I was just looking for the answer for the question why ArrayList is faster than Vector and i found ArrayList is faster as it is not synchronized.
so my doubt is:
If ArrayList is not synchronized why would we use it in multithreaded environment and compare it with Vector.
If we are in a single threaded environment then how the performance of the Vector decreases as there is no Synchronization going on as we are dealing with a single thread.
Why should we compare the performance considering the above points ?
Please guide me :)
a) Methods using ArrayList in a multithreaded program may be synchronized.
class X {
List l = new ArrayList();
synchronized void add(Object e) {
l.add(e);
}
...
b) We can use ArrayList without exposing it to other threads, this is when ArrayList is referenced only from local variables
void x() {
List l = new ArrayList(); // no other thread except current can access l
...
Even in a single threaded environment entering a synchronized method takes a lock, this is where we lose performance
public synchronized boolean add(E e) { // current thread will take a lock here
modCount++;
...
You can use ArrayList in a multithread environment if the list is not shared between threads.

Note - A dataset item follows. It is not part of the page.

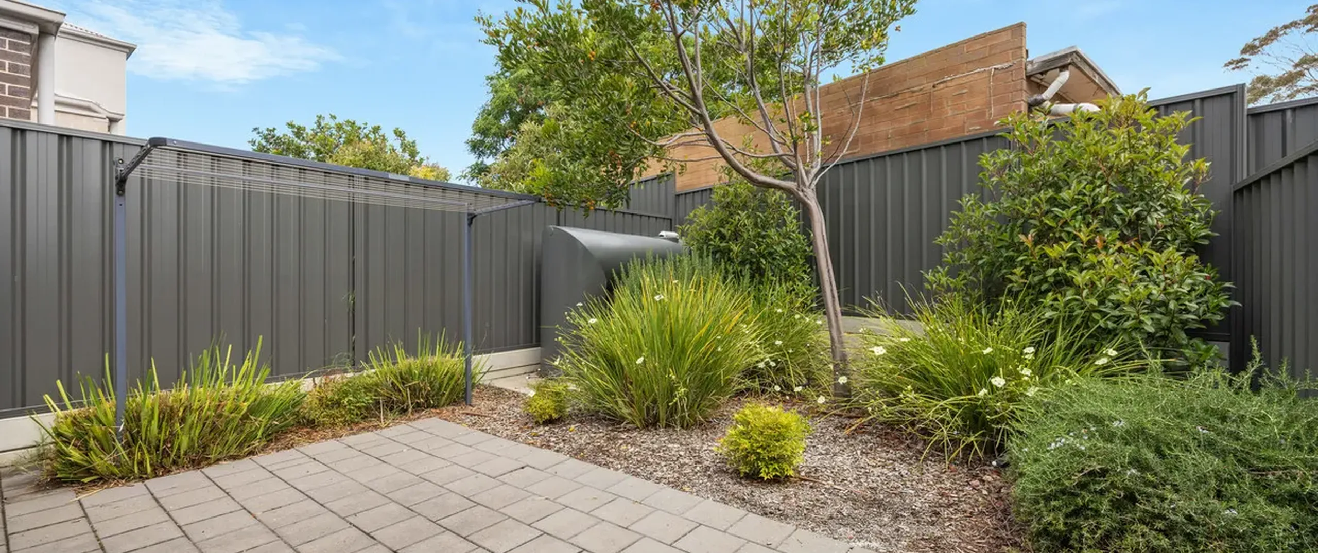 - Low maintenance courtyard with paved and garden area

If the list is shared between threads you can synchronize the access to that list.
Otherwise you can use Collections.synchronizedList() to get a List that can be used thread safely.
Vector is an old implementation of a synchronized List that is no longer used because the internal implementation basically synchronize every method. Generally you want to synchronize a sequence of operations. Otherwyse you can throw a ConcurrentModificationException when iterating the list another thread modify it. In addition synchronize every method is not good from a performance point of view.
In addition also in a single thread environment accessing a synchronized method needs to perform some operations, so also in a single thread application Vector is not a good solution.
Just because a component is single threaded doesn't mean that it cannot be used in a thread safe context. Your application may have it's own locking in which case additional locking is redundant work.
Conversely, just because a component is thread safe, it doesn't mean that you cannot use it in an unsafe manner. Typically thread safety extends to a single operation. E.g. if you take an Iterator and call next() on a collection this is two operations and they are no longer thread safe when used in combination. You still have to use locking for Vector. Another simple example is
private Vector<Integer> vec =
vec.add(1);
int n = vec.remove(vec.size());
assert n == 1;
This is atleast three operations however the number of things which can go wrong are much more than you might suppose. This is why you end up doing your own locking and why the locking inside Vector might be redundant, even unwanted.
For you own interest;
vec can change at any point t another Vector or null
vec.add(2) can happen between any operation, changing the size and the last element.
vec.remove() can happen between any operation.
vec.add(null) can happen between any operation resulting in a possible NullPointerException
The vec can /* change */ in these places.
private Vector<Integer> vec =
vec.add(1); /* change*/
int n = vec.remove(vec.size() /* change*/);
assert n == 1;
In short, assuming that just because you used a thread safe collection your code is now thread safe is a big assumption.
A common pattern which breaks is
for(int n : vec) {
// do something.
}
Look harmless enough except
for(Iterator iter = vec.iterator(); /* change */ vec.hasNext(); ) {
/* change */ int n = vec.next();
I have marked with /* change */ where another thread could change the collection meaning this loop can get a ConcurrentModificationException (but might not)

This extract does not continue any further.